Personal information
- Full name: Adrián Ricardo Centurión
- Date of birth: 19 January 1993 (age 33)
- Place of birth: Avellaneda, Argentina
- Height: 1.74 m (5 ft 9 in)
- Position: Left winger

Team information
- Current team: Racing de Córdoba
- Number: 20

Youth career
- Racing Club

Senior career*
- Years: Team / Apps / (Gls)
- 2012–2014: Racing Club / 41 / (7)
- 2013–2014: → Genoa (loan) / 12 / (0)
- 2015–2017: São Paulo / 40 / (2)
- 2016–2017: → Boca Juniors (loan) / 22 / (8)
- 2017: Genoa / 3 / (0)
- 2018–2020: Racing Club / 29 / (10)
- 2019: → Atlético San Luis (loan) / 9 / (0)
- 2020: → Vélez Sarsfield (loan) / 5 / (1)
- 2020–2024: Vélez Sarsfield / 39 / (6)
- 2022: → San Lorenzo (loan) / 11 / (2)
- 2023: → Barracas Central (loan) / 10 / (0)
- 2025: Oriente Petrolero / 19 / (5)
- 2026–: Racing de Córdoba / 9 / (2)

International career
- 2012–2013: Argentina U20 / 5 / (2)
- 2018: Argentina / 0 / (0)

= Ricardo Centurión =

Argentine footballer (born 1993)

Adrián Ricardo Centurión (born 19 January 1993) is an Argentine professional footballer who plays as a winger for Racing de Córdoba in the Primera B Nacional of Argentina.

==Club career==
===Racing Club and loan with Genoa===
Centurión joined Racing's youth setup at the age of 15 and came through the ranks. He made his professional debut on 7 May 2012 in a 4–2 victory against Atletico Rafaela. He scored his first goal On 12 August 2012, in an away victory against Argentinos Juniors.

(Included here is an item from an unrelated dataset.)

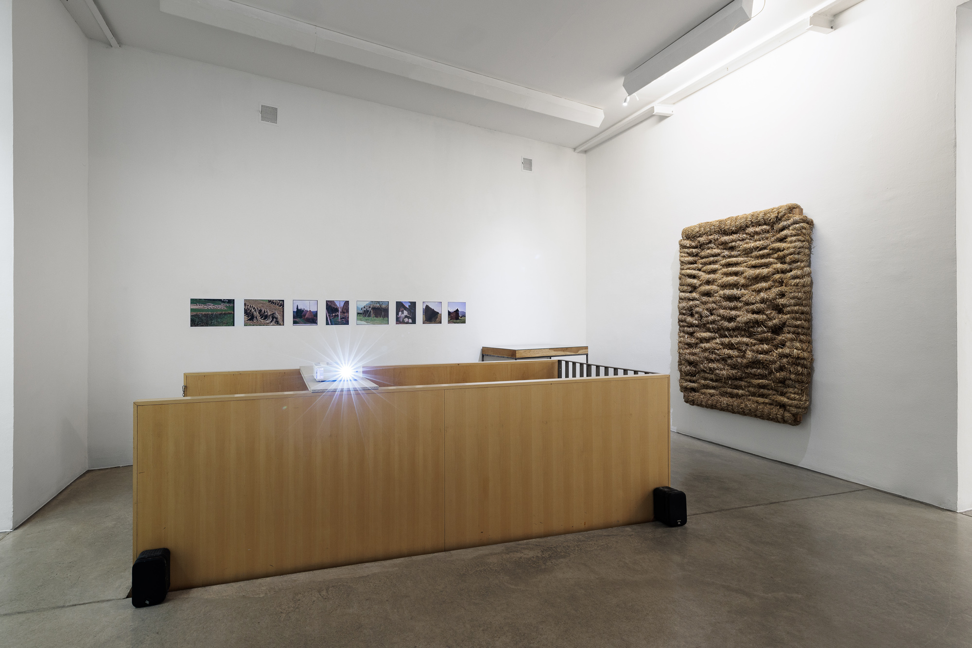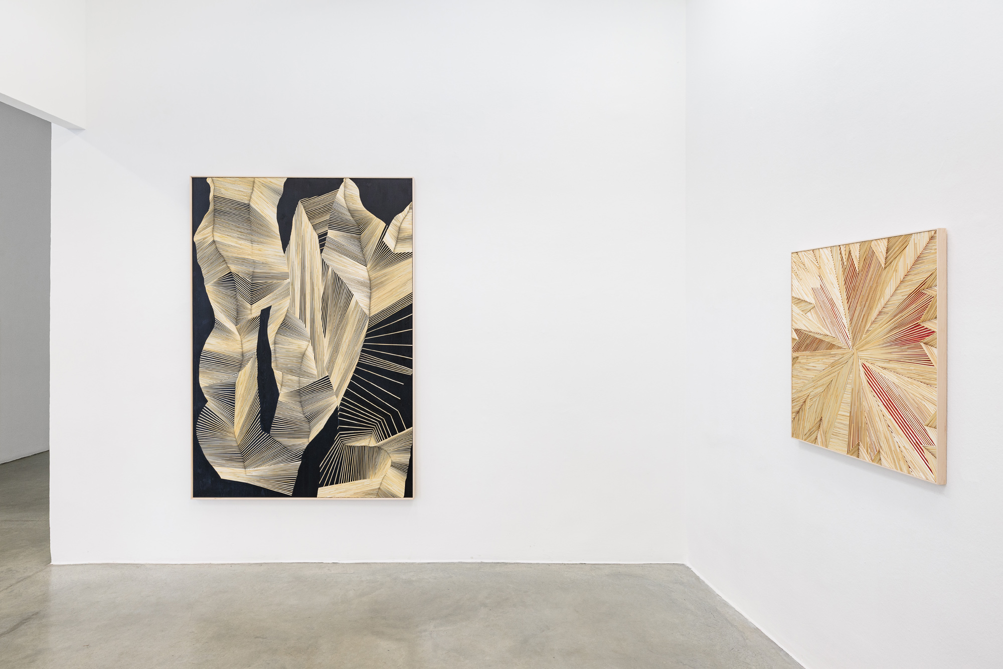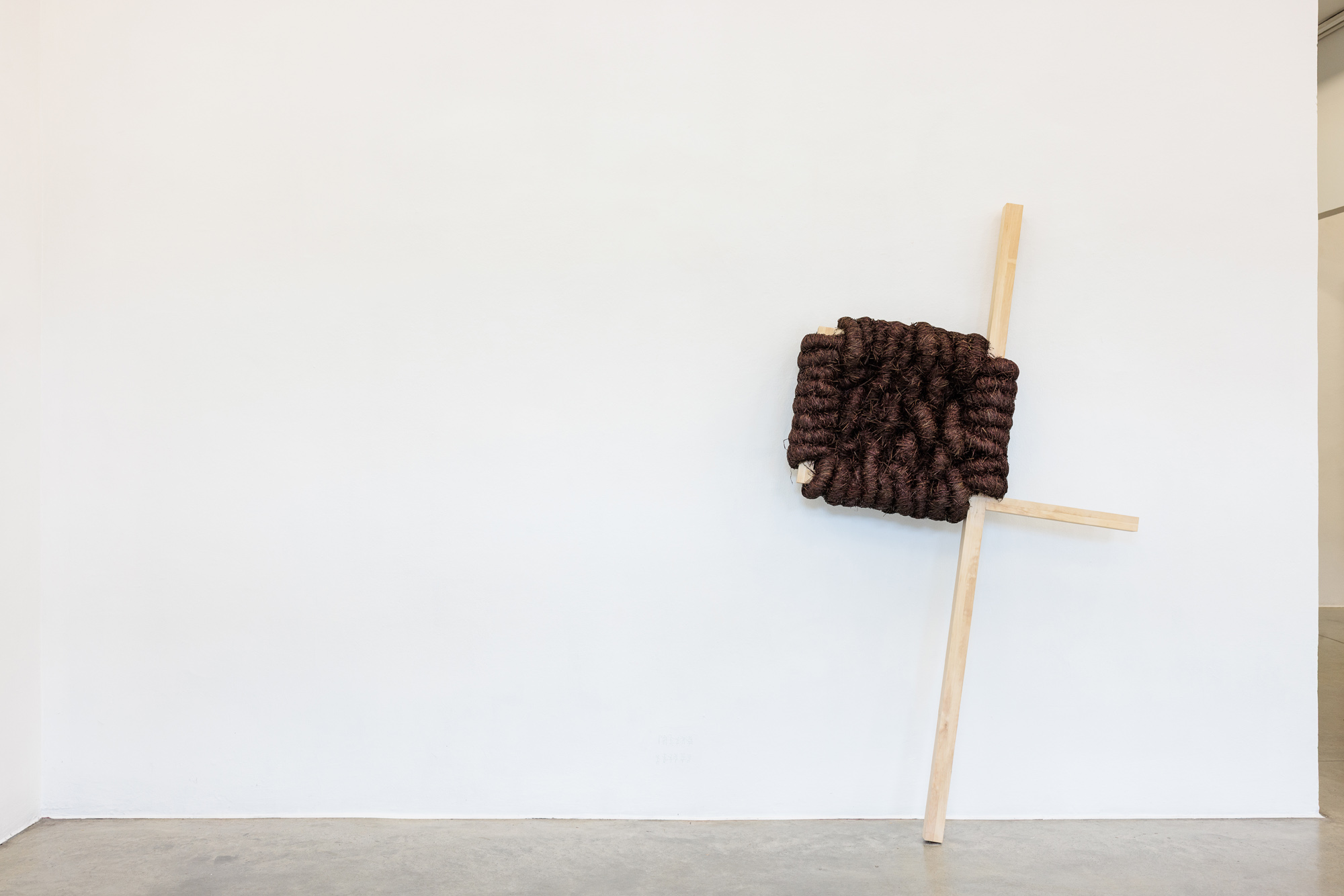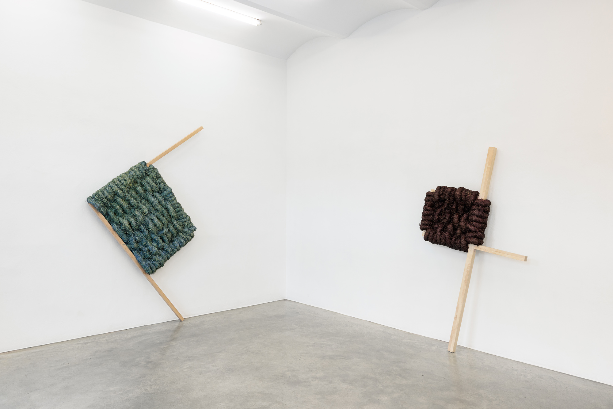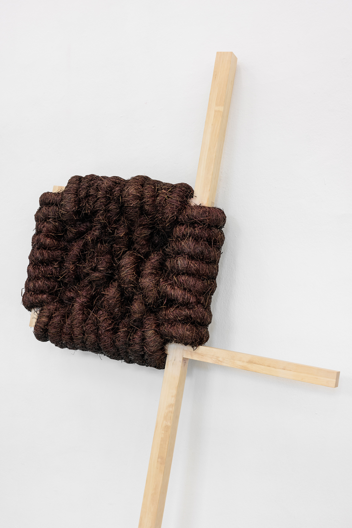 Olaf Holzapfel’s sculptural Half-timbered works were created after 2010, and extend from small models up to life-size realisations in the middle of nature. Likewise, they reflect the exhibitedness of their own content. Art can be constructed and built like a house, and for the erection of his large half-timbered works, this work is carried out not by art handlers but, logically, by carpenters. The integration of specific motifs and figures of German half-timbered constructions, as they are primarily found in Central Germany, represents the artist’s interest in the connection between technique and image. These pictorial signs of houses in the form of visible half-timbered constructions are media before media. They circulate in woven forms, basic constructions such as trestles, frames, or thresholds, and in their combination of body, object, and sensation, they generate a language that is both – carrier of the image, and the image itself. The Hay Pictures also epitomise this. They are material of the landscape, as well as pictures about the landscape. Concurrently, however, they call into question not nature, but cultural techniques around nature and, thereby, our ideas about nature itself. Therefore, Holzapfel’s works are never romanticising, never a glorified consequence of nature and the integration of amorphous natural structures. The artist always begins his reasoning starting with the line, and all of his fibre-containing materials embody within them this orientation towards the line. In the process, his work alternates between analogue and digital and occupies the space between nature and culture, which are not to be comprehended as opposites. The artist often conceives his designs on the computer, yet in their material-based implementation, practical decisions dominate. He describes these material occurrences as ‘common ground’ between himself as an artist and between producing communities that are oriented towards handicraft. Whether in his collaborations with the weavers of the South American Wichí or carpenters from all over the world, it is always a question of developing a common, material-based conversation. In this manner, an intercultural and intertextual mise-en-scène arises, an ongoing translation process that sets in motion culturally and chronologically widely separated signs.

On 19 August 2012, Centurión had a hand in both goals as Racing defeated local rivals Independiente 2–0 in the Avellaneda derby at Estadio Juan Domingo Perón. This performance was considered the youngster's breakthrough game for La Academia, and he went on to establish himself as the squad's first-choice left midfielder in a 4–4–2 formation.

Racing president Gastón Cogorno confirmed on 24 January 2013 that Centurión was on the verge of agreeing a deal to join Russian top division outfit Anzhi Makhachkala in the summer of 2013. During negotiations, the deal fell through after contract disagreements between the two clubs.

On 2 September 2013, the final day of the summer transfer window, Italian club Genoa confirmed the signing of Centurión on a season long loan with an option to buy at the end of the 2013–14 season. He endured a difficult season in Italy, however, totaling only 12 appearances for club in Serie A, who ultimately decided not to trigger the purchase clause at the end of the season, resulting in his return to Racing the following summer.

===São Paulo and loan with Boca Juniors===
On 30 January 2015, it was confirmed that Centurión signed for Brazilian club São Paulo FC, who gained 70% of the player's rights for €4.2 million.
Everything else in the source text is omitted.